Part of a new family of carrier boards, the Uprev adapter turns the CM4 into a drop-in upgrade — and comes with an optional Edge TPU.

Embedded compute specialist Gumstix has become the first out of the gate with a solution to the newly-launched Raspberry Pi Compute Module's biggest drawback: Its inability to be installed as a drop-in upgrade for earlier Compute Module carrier boards.

Launched this morning, the Raspberry Pi Compute Module 4 family brings the high-performance system-on-chip at the heart of the Raspberry Pi 4 Model B single-board computer to a system-on-module format — but it does so with a new form factor, meaning it's not compatible with carrier boards designed for the Compute Module 3+ and earlier.

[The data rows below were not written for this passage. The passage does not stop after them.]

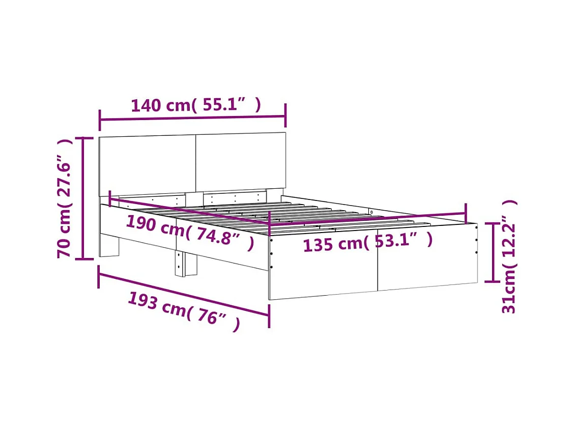 Bedframe met LED zonder matras gerookt eiken 135x190 cm
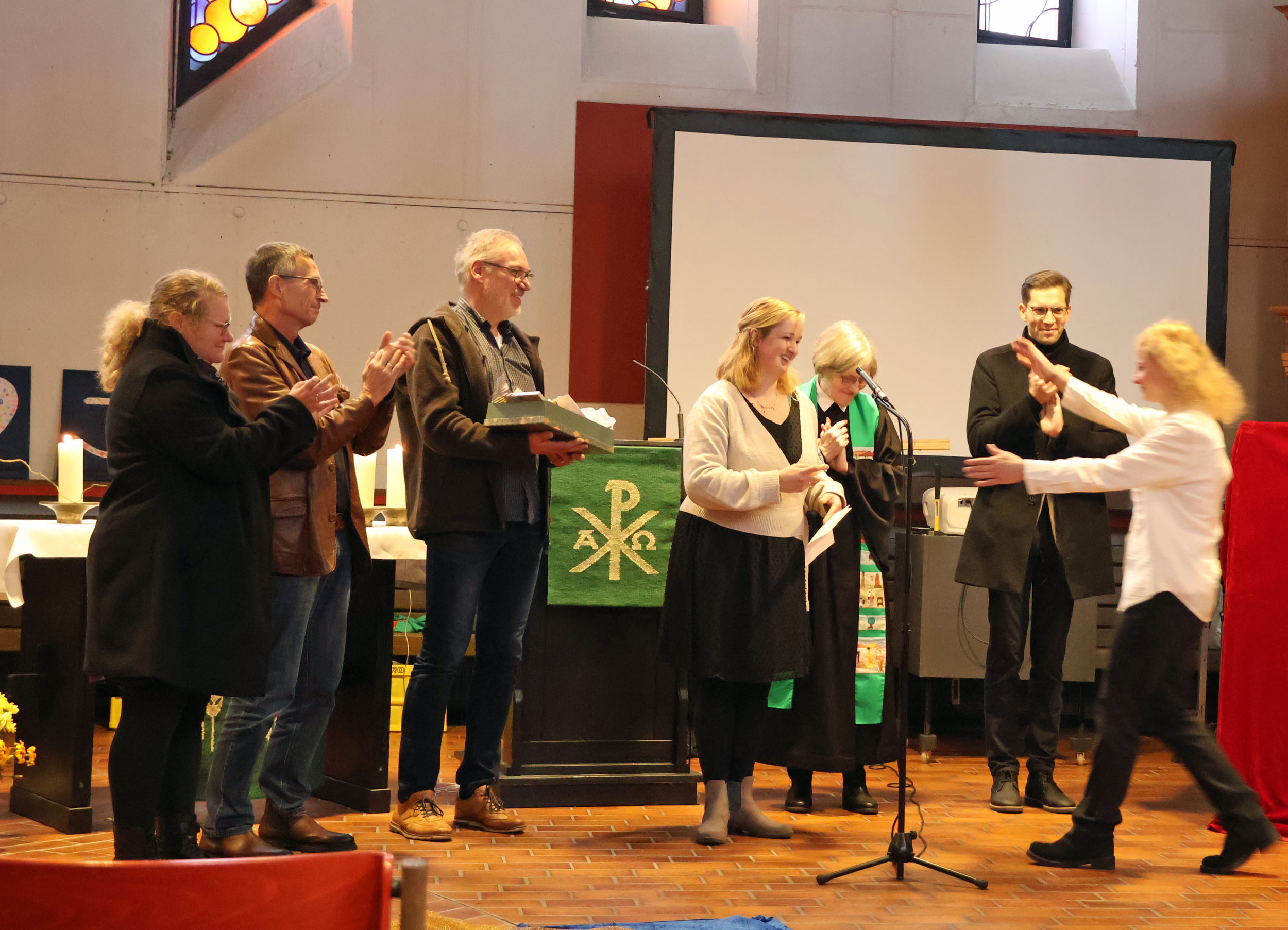 Am Freitag, 1. November beginnt für Diakonin Katja Strelow ein neuer beruflicher Abschnitt: Sie wird Kirchenkreissozialarbeiterin im Kirchenkreis Laatzen-Springe. An ihrem letzten Arbeitstag im Kirchenkreis Ronnenberg wurde sie im Familiengottesdienst am Reformationstag in der Versöhnungskirche in Weetzen verabschiedet. Superintendentin Antje Marklein würdigte das fünfjährige Wirken der Diakonin in der Region Ronnenberg in verschiedenen Aufgaben, unter anderem auch als Vakanzvertreterin für Pastorin Rebecca Brückner und in der Gestaltung vieler regionaler Familiengottesdienste. Diese habe sie, wie auch heute wieder erlebt, sehr detailreich und mit viel Freude vorbereitet und mit den Gemeinden gefeiert. Ein besonderes Talent der Diakonin sei dies gewesen. "Sie strahlen Freude und Hoffnung aus. Unter den Kolleg*innen, in den Teams, als Gottesdienstleitende – meist sehen wir Sie strahlend – bei aller Aufregung oder Anspannung, die ja auch da ist", sagte die Superintendentin. Im Kreis von Hauptamtlichen, aber auch mit Anwesenheit der Kinder im Gottesdienst, darunter auch der dreijährigen Tochter Theresa und der Konfis wurde Katja Strelow anschließend für ihren weiteren Weg gesegnet.
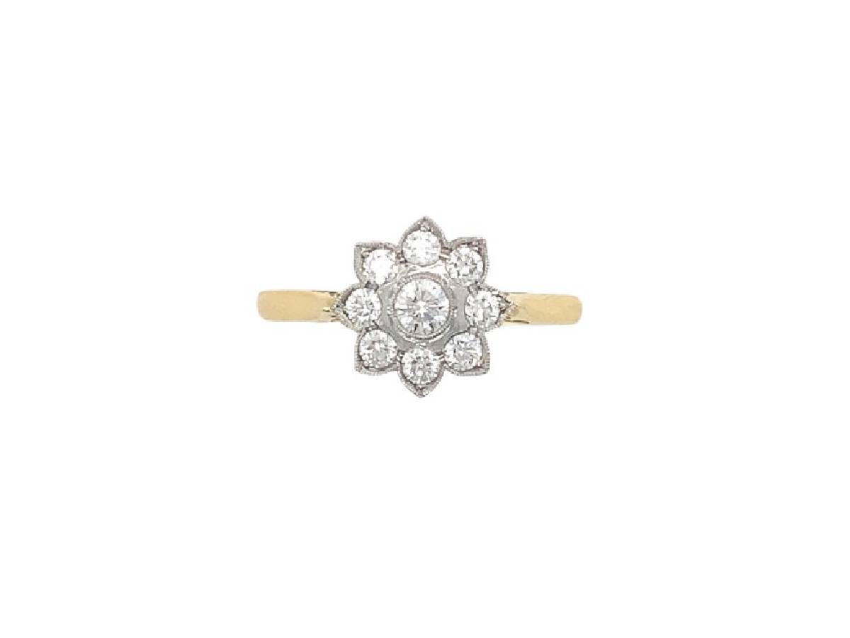 18ct yellow and white gold flower design cluster ring with pear shaped petals and round brilliant cut Diamonds in a milgrain edge setting.
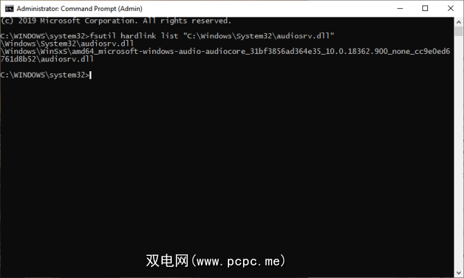 fsutil hardlink list [system file path],例如,如果我要检查系统文件“ audiosrv.dll",然后键入
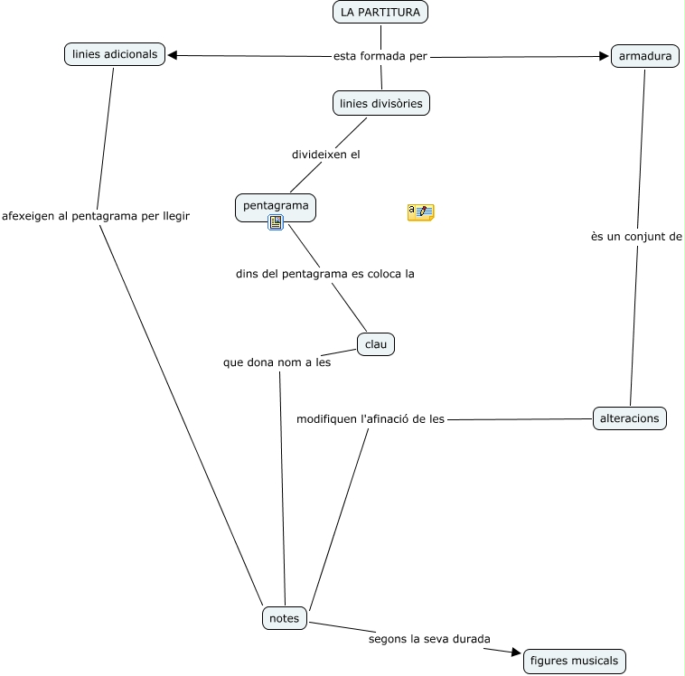 Este Cmap, tiene información relacionada con: LA PARTITURA, pentagrama dins del pentagrama es coloca la clau, linies adicionals afexeigen al pentagrama per llegir notes, armadura ès un conjunt de alteracions, LA PARTITURA esta formada per linies divisòries, alteracions modifiquen l'afinació de les notes, LA PARTITURA esta formada per linies adicionals, linies divisòries divideixen el pentagrama, clau que dona nom a les notes, notes segons la seva durada figures musicals, LA PARTITURA esta formada per armadura

Gumstix' solution: The Raspberry Pi CM4 Uprev, an adapter board which hosts a Raspberry Pi Compute Module 4 of any type and breaks its two 100-pin high-density connectors out onto a 200-pin SODIMM edge connector compatible with the old Compute Module pin-out. While the adapter doesn't allow for use of the newly-exposed PCI Express connectivity, it should — space allowing — provide a means to upgrade the performance of older Compute Module-powered designs without needing to replace the carrier board.

Interestingly, Gumstix has also announced a second model which adds a Google Coral Edge TPU coprocessor, putting the Compute Module 4 head-to-head with Google's Coral Dev Board Mini — and still offering the same backwards compatibility with earlier Compute Module carrier boards as its non-AI variant.

CNX Software, which brought our attention to the new range, has also highlighted other Compute Module 4 carrier boards from Gumstix, including an alternative to the official Raspberry Pi IO Board, a small-format breakout designed for robotics application, a smart camera board with Power over Ethernet (PoE) support and an Edge TPU coprocessor, and drone-centric carrier board which includes both an Edge TPU and an STM32H7 microcontroller compatible with the Pixhawk flight management unit standard.

Full details on all the boards, which start at $30 for the basic Uprev adapter, can be found on the Gumstix website.